- [Exercise]:
Two lines in the data below mark the range: the one with "山頂方向に延びる道の両脇も玉石びっしり。" and the one with "The 100% hand". Return both, along with every line between them, exactly.

##### Records supplied

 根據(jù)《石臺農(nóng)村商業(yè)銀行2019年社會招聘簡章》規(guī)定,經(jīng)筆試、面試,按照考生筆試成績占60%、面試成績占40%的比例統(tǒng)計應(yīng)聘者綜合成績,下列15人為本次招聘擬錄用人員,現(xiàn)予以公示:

##########
##### Records supplied

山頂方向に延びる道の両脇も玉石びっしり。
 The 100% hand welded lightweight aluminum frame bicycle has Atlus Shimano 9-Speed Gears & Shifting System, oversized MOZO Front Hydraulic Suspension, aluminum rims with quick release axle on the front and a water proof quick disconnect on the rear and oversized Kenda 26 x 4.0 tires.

##########

- [Solution for this problem]:
山頂方向に延びる道の両脇も玉石びっしり。
 The 100% hand welded lightweight aluminum frame bicycle has Atlus Shimano 9-Speed Gears & Shifting System, oversized MOZO Front Hydraulic Suspension, aluminum rims with quick release axle on the front and a water proof quick disconnect on the rear and oversized Kenda 26 x 4.0 tires.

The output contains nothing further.